Assessment of significance of conditionally independent GWAS signals

Bioinformatics. 2021 Oct 25;37(20):3521-3529. doi: 10.1093/bioinformatics/btab332.

Abstract

Motivation: Multiple independently associated SNPs within a linkage disequilibrium region are a common phenomenon. Conditional analysis has been successful in identifying secondary signals. While conditional association tests are limited to specific genomic regions, they are benchmarked with genome-wide scale criterion, a conservative strategy. Within the weighted hypothesis testing framework, we developed a 'quasi-adaptive' method that uses the pairwise correlation (r2) and physical distance (d) from the index association to construct priority functions G =G(r2, d), which assign an SNP-specific α-threshold to each SNP. Family-wise error rate (FWER) and power of the approach were evaluated via simulations based on real GWAS data. We compared a series of different G-functions.

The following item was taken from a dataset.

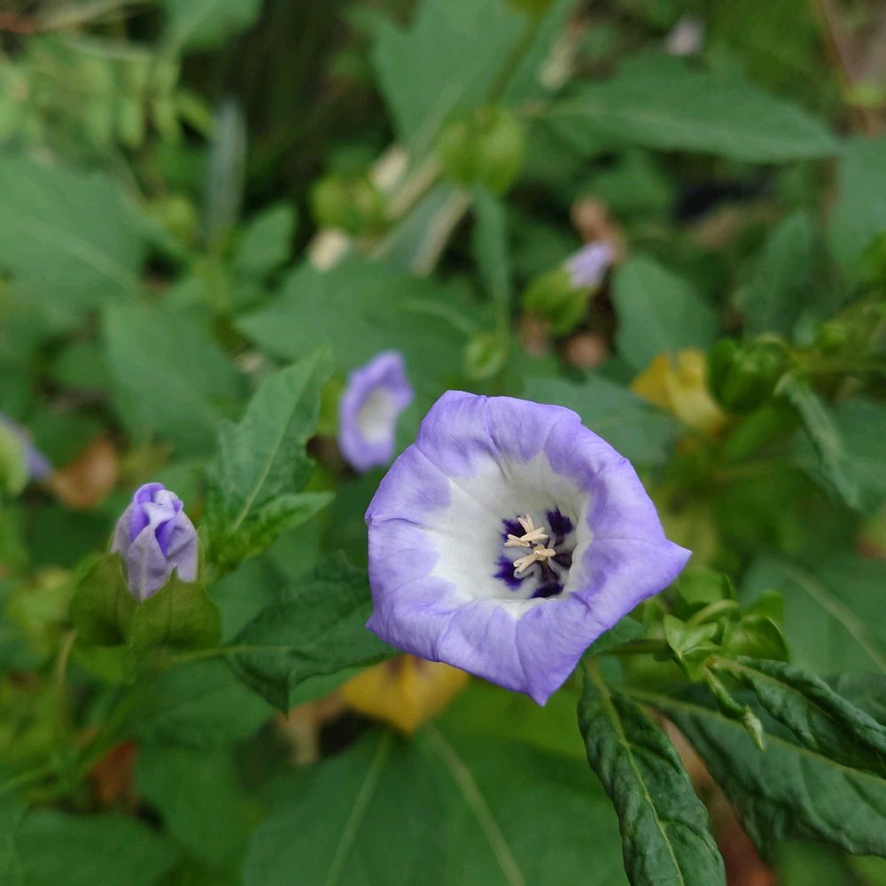 今日の花は無いと、思ってたら、なんと黒ホウズキがありました〜朝はお花開いて無かったけど、帰って来たら咲いてたので〜投稿しました😁💜✨実が出来てから種になってます💚🤎

Results: Simulations under the null hypothesis on 1,100 primary SNPs confirmed appropriate empirical FWER for all G-functions. A G-function with optimal r2 = 0.3 between index and secondary SNP which down-weighted SNPs at higher distance step-wise-strong and gave more emphasis on d than on r2 had overall best power. It also gave the best results in application to the real datasets. As a proof of concept, 'quasi-adaptive' method was applied to GWAS on free thyroxine (FT4), inflammatory bowel disease (IBD) and human height. Application of the algorithm revealed 5 secondary signals in our example GWAS on FT4, 5 secondary signals in case of the IBD and 19 secondary signals on human height, that would have gone undetected with the established genome-wide threshold (α=5×10-8).

Availability and implementation: https://github.com/sghasemi64/Secondary-Signal.

Supplementary information: Supplementary data are available at Bioinformatics online.